In the entries below, begin at the line that has "將螺旋溜槽立起,校準(zhǔ", stop after the line that has "- 1円 ■美品■ ChristianDior", and output those lines exactly with no pictures.

DATA RECORDS -
^^^^^^^^

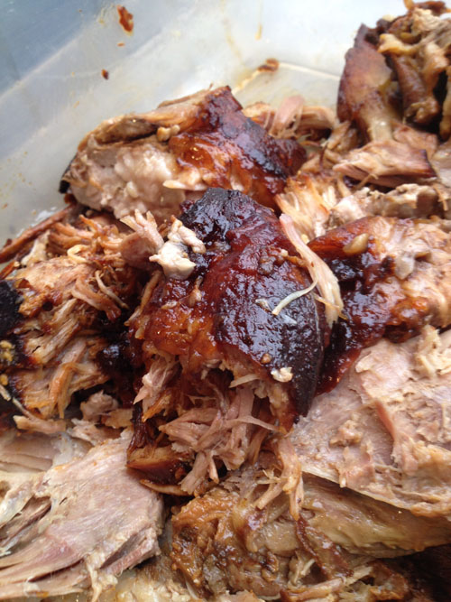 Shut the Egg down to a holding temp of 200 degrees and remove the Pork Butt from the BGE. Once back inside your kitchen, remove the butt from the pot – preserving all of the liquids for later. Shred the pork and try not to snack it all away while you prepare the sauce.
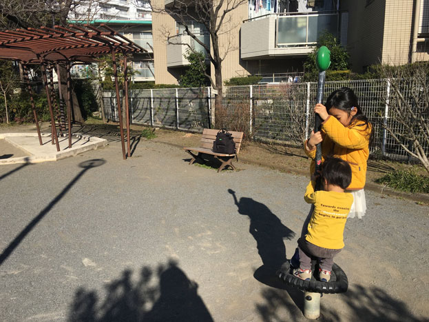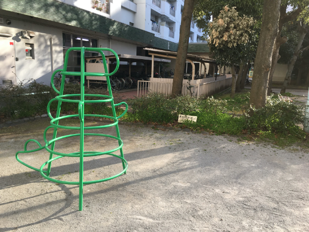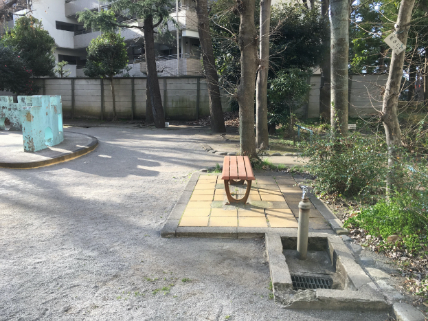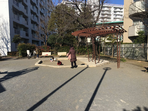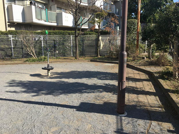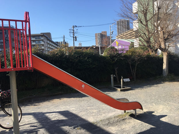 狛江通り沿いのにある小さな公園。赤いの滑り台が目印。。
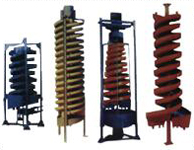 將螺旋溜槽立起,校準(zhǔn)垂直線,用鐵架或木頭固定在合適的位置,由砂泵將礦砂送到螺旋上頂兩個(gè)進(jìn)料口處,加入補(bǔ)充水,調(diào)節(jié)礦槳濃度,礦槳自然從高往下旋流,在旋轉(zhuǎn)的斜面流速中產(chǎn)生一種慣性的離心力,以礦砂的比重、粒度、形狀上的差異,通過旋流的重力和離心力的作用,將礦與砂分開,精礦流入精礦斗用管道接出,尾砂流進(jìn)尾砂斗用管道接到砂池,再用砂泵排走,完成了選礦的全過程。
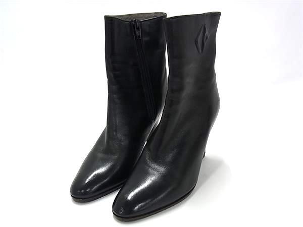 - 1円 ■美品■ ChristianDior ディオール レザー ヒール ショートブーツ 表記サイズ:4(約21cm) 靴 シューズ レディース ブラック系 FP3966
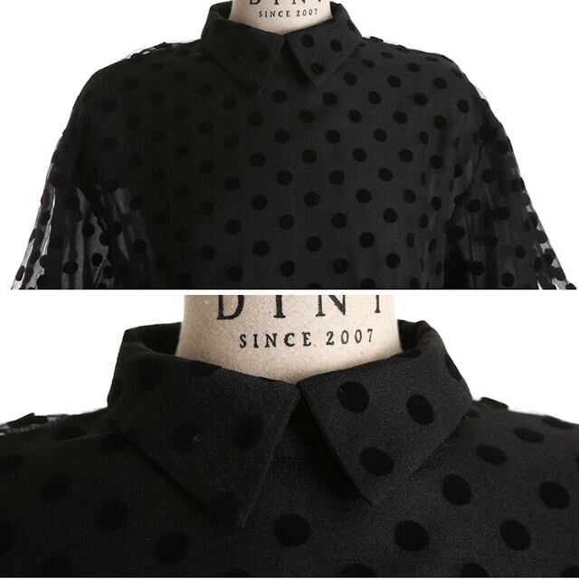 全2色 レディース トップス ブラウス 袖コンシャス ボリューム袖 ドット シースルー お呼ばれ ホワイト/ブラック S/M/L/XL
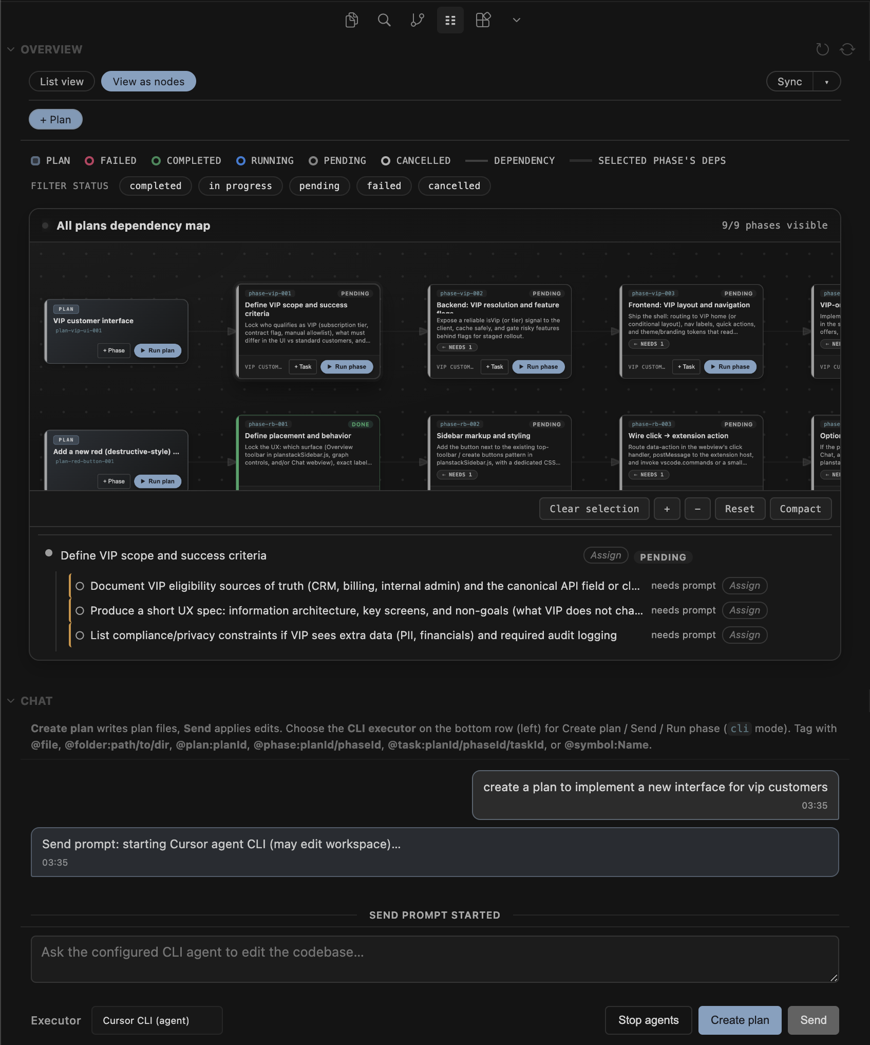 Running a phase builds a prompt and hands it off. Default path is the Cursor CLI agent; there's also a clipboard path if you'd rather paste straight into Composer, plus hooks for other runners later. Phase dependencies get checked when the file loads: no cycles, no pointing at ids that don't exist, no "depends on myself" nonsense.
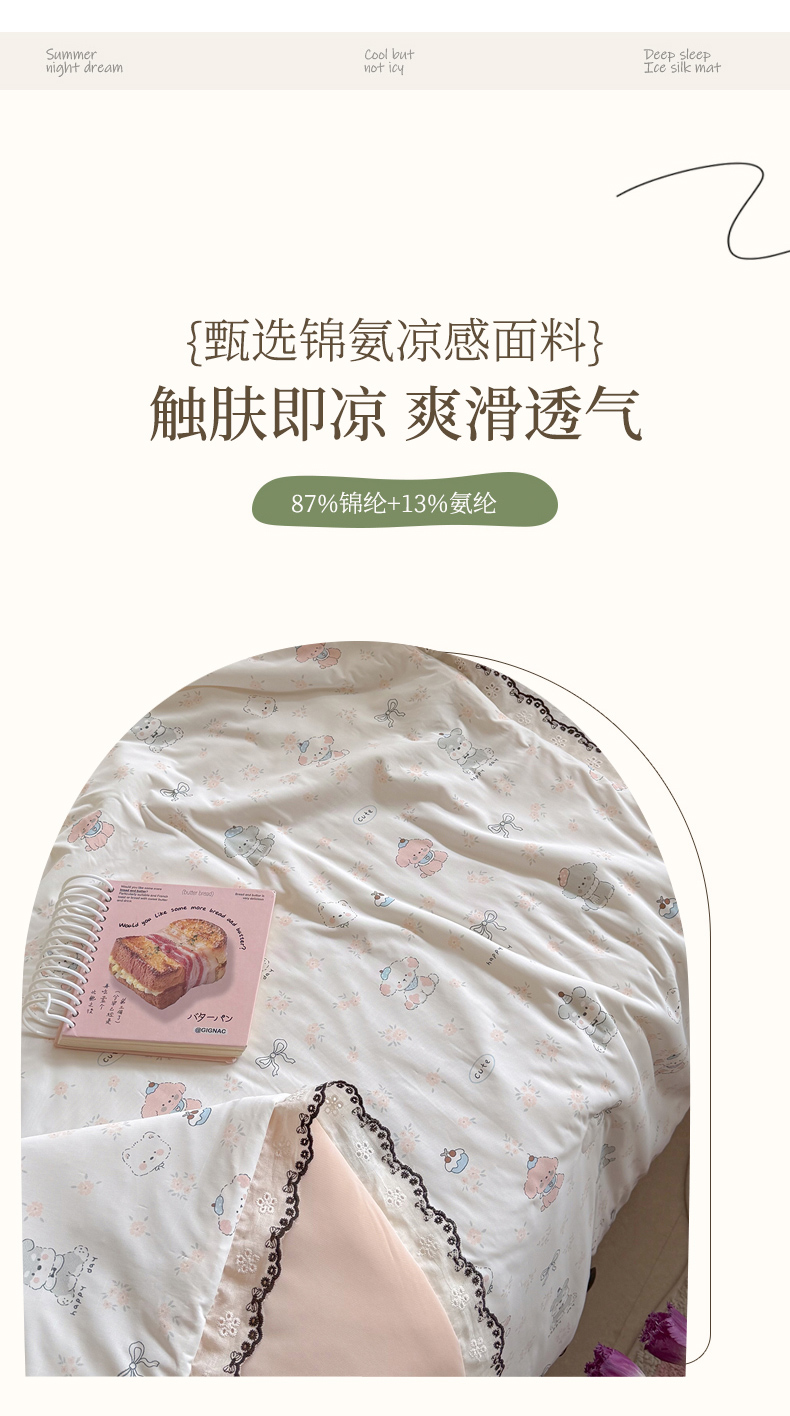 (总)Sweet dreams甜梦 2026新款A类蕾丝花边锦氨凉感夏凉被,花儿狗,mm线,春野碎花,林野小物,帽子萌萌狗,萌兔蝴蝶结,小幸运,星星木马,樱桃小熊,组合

^^^^^^^^

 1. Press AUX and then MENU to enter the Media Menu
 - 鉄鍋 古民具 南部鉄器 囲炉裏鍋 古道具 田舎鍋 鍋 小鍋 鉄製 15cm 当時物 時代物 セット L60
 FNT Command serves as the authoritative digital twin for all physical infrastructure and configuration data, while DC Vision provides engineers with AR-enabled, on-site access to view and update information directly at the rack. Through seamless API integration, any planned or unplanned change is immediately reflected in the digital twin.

^^^^^^^^

RESPONSE TO THIS EXERCISE -
 將螺旋溜槽立起,校準(zhǔn)垂直線,用鐵架或木頭固定在合適的位置,由砂泵將礦砂送到螺旋上頂兩個(gè)進(jìn)料口處,加入補(bǔ)充水,調(diào)節(jié)礦槳濃度,礦槳自然從高往下旋流,在旋轉(zhuǎn)的斜面流速中產(chǎn)生一種慣性的離心力,以礦砂的比重、粒度、形狀上的差異,通過旋流的重力和離心力的作用,將礦與砂分開,精礦流入精礦斗用管道接出,尾砂流進(jìn)尾砂斗用管道接到砂池,再用砂泵排走,完成了選礦的全過程。
 - 1円 ■美品■ ChristianDior ディオール レザー ヒール ショートブーツ 表記サイズ:4(約21cm) 靴 シューズ レディース ブラック系 FP3966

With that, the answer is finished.